All for Niños
By Patrick Masterson
teering clear of conventional chart-toppers such as Valerio Scanu and Gianna Nannini, it's time tip a year-end cap to Italian artists and labels that worked across a multitude of genres to produce interesting and challenging music on a global scale.
If you twisted my arm for a favorite, I'd point you to Nicolò Fortuni and Nico Vascellari, a.k.a. Niños du Brasil. The duo's sophomore album Novos Mistérios (Hospital Productions) transcends the limitations of niche. Here are seven propulsive and colorful songs that are pure body music.
As the "Niño" name suggests, the record is rich in New World influences.
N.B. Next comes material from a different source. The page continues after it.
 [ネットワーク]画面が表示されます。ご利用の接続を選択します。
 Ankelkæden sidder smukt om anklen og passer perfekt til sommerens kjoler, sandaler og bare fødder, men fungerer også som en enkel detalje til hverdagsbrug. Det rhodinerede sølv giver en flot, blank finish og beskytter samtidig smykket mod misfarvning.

Both the spirit of the record and its propelling instruments derive from a Brazilian samba form called the batucada, which relies on repetitive, high-paced rhythms and a wide variety of percussion (the tamborim, timbal and surdo drums may sound most familiar).
But what makes Novos Mistérios compelling is how it never sounds like a cheap imitation. "Our musical approach is overtly visceral and sexual," says Vascellari. "That's how we see rhythm, and life in general, as a kind of war against shyness and inhibition."
Both Fortuni and Vascellari are seasoned figures in the Italian art world (performance and sound artist Vascellari has run the Codalunga space in the city of Vittorio Veneto, bear Begamo, since 2005 and once represented Italy at the Venice Biennale). Their networking connections put them in touch with Dominick Fernow's Hospital Productions. Though Hospital typically releases more grayscale material, Niños du Brasil gives the label a glow. The music explores dance without ever losing its tense edge.
"Sombra da Lua" and its jungle-like atmosphere set the mood. Barebones polyrhythmic complexities and warped chants dominate "Sepultura," probably the record's harshest cut. The bright beat of "Essenghelo Tropical" is a late peak before the 11-minute title-track closes with a surging sound crest to end the album on a high.
As for Italian labels, bypass Gang of Ducks at your own risk. Founded in 2013, the anonymous collective — its members run the show from bases in Turin and Berlin — had a massive second year.
Anonymity in music is no longer a particularly novel or even exciting tool. But the collective's strict adherence to a policy of signing emails as "one of the Gang," its hand-drawn artwork, and its stream of releases gives Gang of Ducks a leg up.
Its seven 2014 offerings (in addition to crucial press features and artist podcasts) featured otherwise-unknowns including Haf Haf, Dave Saved and S Olbricht, each eclectic enough to escape pigeonholing.
Gang of Ducks opened the year with Haf Haf's lo-fi Notch, later adding the demented industrial abstractions of Sudden Infant, the dub-influenced One Circle, the synth noodling of Traag, and rounded things out with by announcing a coming EP from first-timer Sabla (featuring remixes from G.O.D. and Ital.)
It's hard to gauge the outlook of record label that plays objectives so close to the chest. But based on consistency of output and a rising profile internationally, Gang of Ducks seems to have a bright future.